PROVIDED DATA START
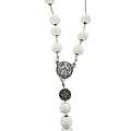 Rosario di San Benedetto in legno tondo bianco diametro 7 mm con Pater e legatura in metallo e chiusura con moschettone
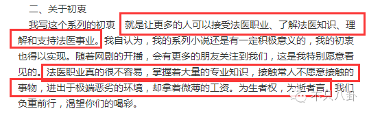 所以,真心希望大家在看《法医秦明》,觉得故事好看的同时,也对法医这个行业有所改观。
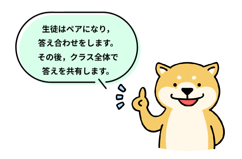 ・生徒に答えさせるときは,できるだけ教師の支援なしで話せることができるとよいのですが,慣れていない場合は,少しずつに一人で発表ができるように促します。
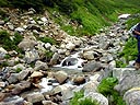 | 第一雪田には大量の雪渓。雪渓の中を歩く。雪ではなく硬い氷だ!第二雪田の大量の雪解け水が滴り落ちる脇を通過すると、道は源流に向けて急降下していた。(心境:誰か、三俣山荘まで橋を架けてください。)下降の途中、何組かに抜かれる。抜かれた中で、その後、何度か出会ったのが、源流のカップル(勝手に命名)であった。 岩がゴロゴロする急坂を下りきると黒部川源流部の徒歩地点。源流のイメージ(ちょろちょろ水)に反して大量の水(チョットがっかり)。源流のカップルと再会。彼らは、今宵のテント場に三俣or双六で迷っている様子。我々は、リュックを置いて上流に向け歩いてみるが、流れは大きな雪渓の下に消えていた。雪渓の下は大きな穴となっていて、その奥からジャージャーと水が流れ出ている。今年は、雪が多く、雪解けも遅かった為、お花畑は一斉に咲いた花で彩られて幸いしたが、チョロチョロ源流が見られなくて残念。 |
PROVIDED DATA END
PROVIDED DATA START
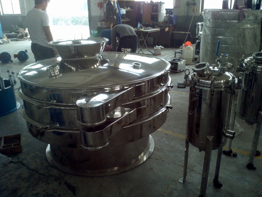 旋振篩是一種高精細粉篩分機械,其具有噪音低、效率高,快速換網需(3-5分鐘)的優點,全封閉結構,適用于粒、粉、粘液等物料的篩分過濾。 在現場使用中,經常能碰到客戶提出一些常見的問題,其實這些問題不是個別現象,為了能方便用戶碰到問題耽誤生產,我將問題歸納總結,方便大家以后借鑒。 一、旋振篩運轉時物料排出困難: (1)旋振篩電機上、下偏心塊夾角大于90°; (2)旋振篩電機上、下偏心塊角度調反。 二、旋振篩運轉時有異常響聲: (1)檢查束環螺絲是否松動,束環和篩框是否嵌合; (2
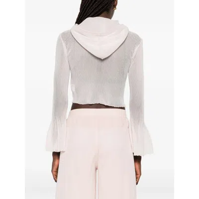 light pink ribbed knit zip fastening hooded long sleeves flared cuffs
PROVIDED DATA END
**EXERCISE BRIEF**
Print exactly, with no pictures, the lines above from the one that holds "二、旋振篩運轉時有異常響聲: (1)檢查束環螺絲是否松動,束環和篩框是否嵌合; (2" through the one that holds "light pink ribbed", both of them included.

**REPLY**
 旋振篩是一種高精細粉篩分機械,其具有噪音低、效率高,快速換網需(3-5分鐘)的優點,全封閉結構,適用于粒、粉、粘液等物料的篩分過濾。 在現場使用中,經常能碰到客戶提出一些常見的問題,其實這些問題不是個別現象,為了能方便用戶碰到問題耽誤生產,我將問題歸納總結,方便大家以后借鑒。 一、旋振篩運轉時物料排出困難: (1)旋振篩電機上、下偏心塊夾角大于90°; (2)旋振篩電機上、下偏心塊角度調反。 二、旋振篩運轉時有異常響聲: (1)檢查束環螺絲是否松動,束環和篩框是否嵌合; (2
 light pink ribbed knit zip fastening hooded long sleeves flared cuffs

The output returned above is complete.